On 28 March 2024, New Zealand officially published the Taxation (Annual Rates for 2023–24, Multinational Tax, and Remedial Matters) Act 2024  in the Official Gazette. This legislation received royal assent on 28 March 2024 with various measures. The Bill provides key measures for the introduction of the Pillar 2 income inclusion rule (IIR) and the undertaxed payment/profit rule (UTPR) to ensure a minimum corporate tax of 15% for large multinational (MNE) groups with annual consolidated revenue of at least EUR 750 million in at least two of the preceding four fiscal years. The income inclusion rule (IIR) and under-taxed profits rule (UTPR) will go into effect from 1 January 2025, while the domestic income inclusion rule will be applied from 1 January 2026.
One key amendment in this legislation pertains to the rules surrounding the classification of income that is considered to originate from New Zealand.
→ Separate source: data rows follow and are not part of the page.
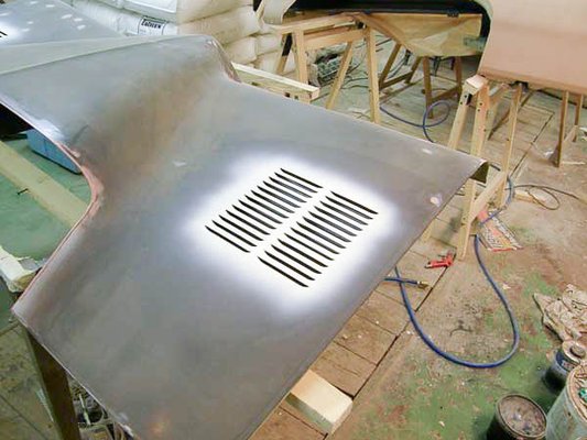 Spaklival, hőlégfúvóval, drótkoronggal a fémig csiszolta a lemezeket. A homokfúvás nem volt opció, hiszen a karosszéria és az alváz teljes szétválasztása szóba sem jöhetett. Így is komoly taktikázásra volt szükség, hogy legalább részlegesen el lehessen emelni a testet a váztól, hogy a csatlakozási pontok környékét le tudja ápolni. Amikor elért a fémig, hajózási epoxival kezdte a rétegrendet – ez sokkal lassabban, 24 óra alatt szárad, viszont tovább formázható, sokkal tapadékonyabb, mint az autós.
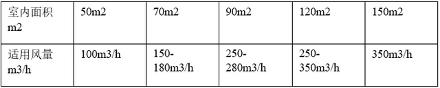 为了方便大家根据自己的室内面积选购合适的新风机,可以参考下面的表格:
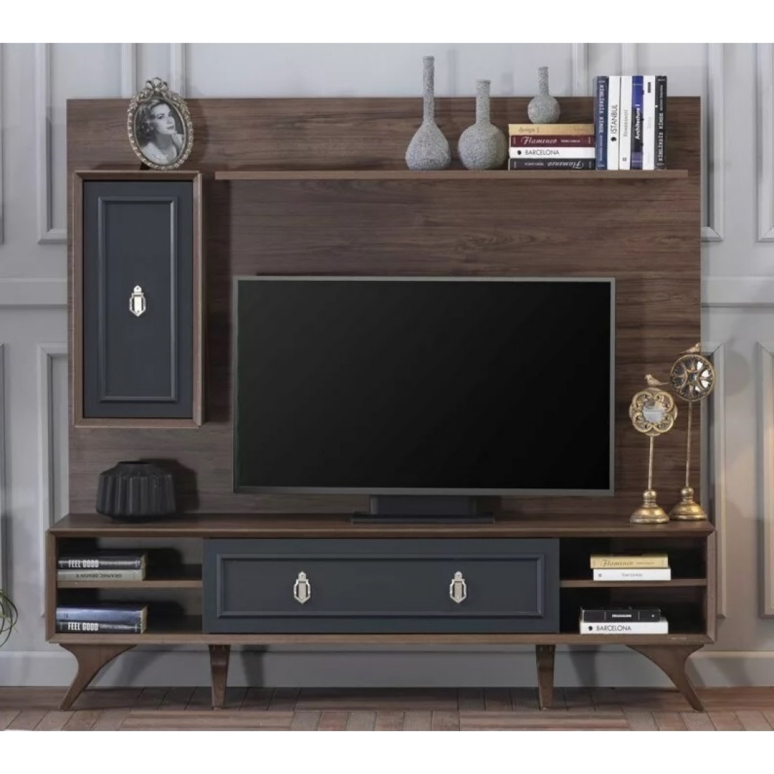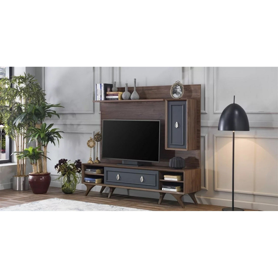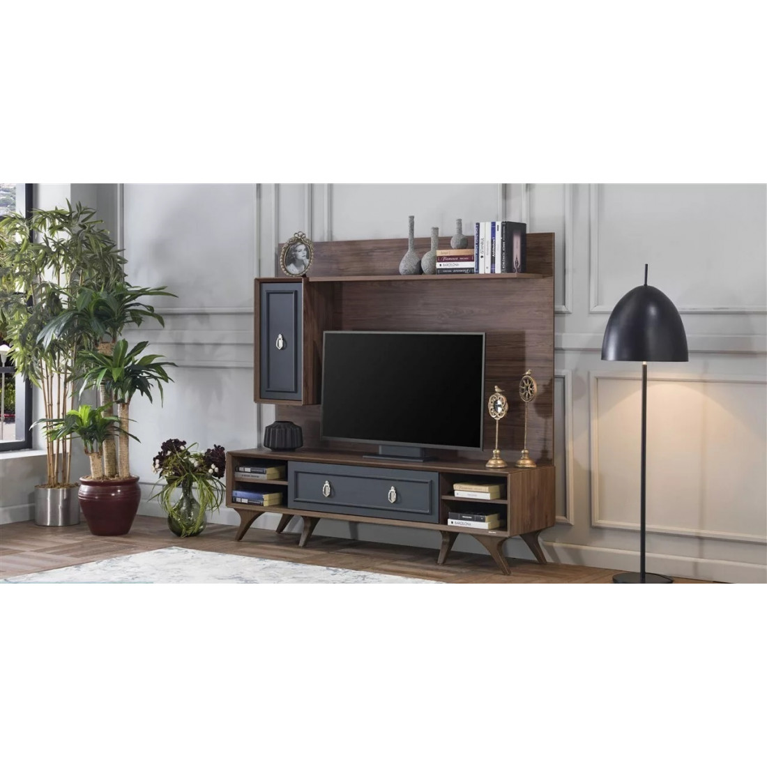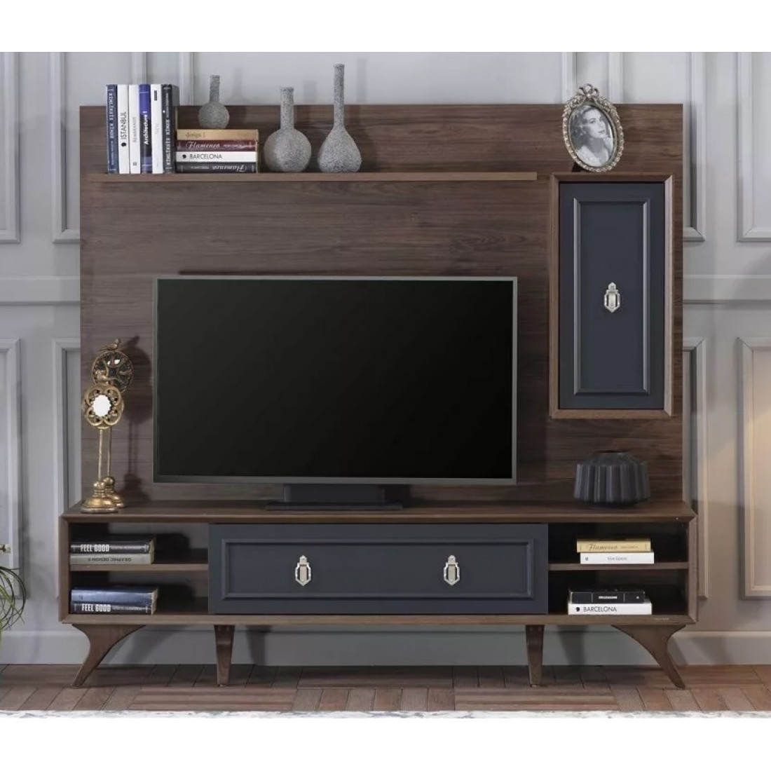 Тумба под ТВ в гостиную серии Алегро от Беллона станет прекрасным, многофункциональным дополнением интерьера гостиной. Ручки образуют единый декоративный элемент, сходясь в центре фасадов. В качестве материала для фасадов, столешницы и ножек использовался МДФ.
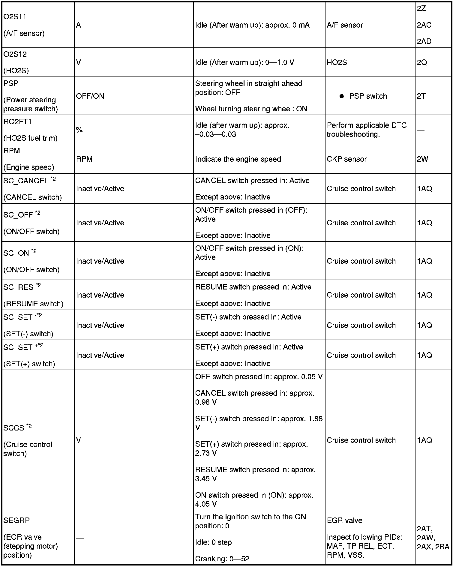 - PIDs for the following parts are not available on this model. Go to the appropriate part inspection.
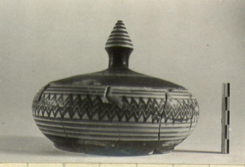 | Description: | Pyxis mended from several pieces; chips missing. Triple zigzag between bands around body. Lid, mended from several pieces; chips missing. Black save for three reserved stripes near center. Knob, black below, conical and banded above. | |

Specifically, the legislation modifies exemptions related to the source rule for the income of non-residents, stating that their income will be deemed to be originating from New Zealand, which results in it being taxed in New Zealand under a double tax agreement.
This rule is applicable unless the income falls under the following categories:
- Dividends received from shares in foreign companies, which are not considered revenue account property;
- Fees for management, technical, or related services classified as royalties under a double taxation agreement;
- Royalties or interest payments that are designated to a permanent establishment abroad under the double taxation agreement.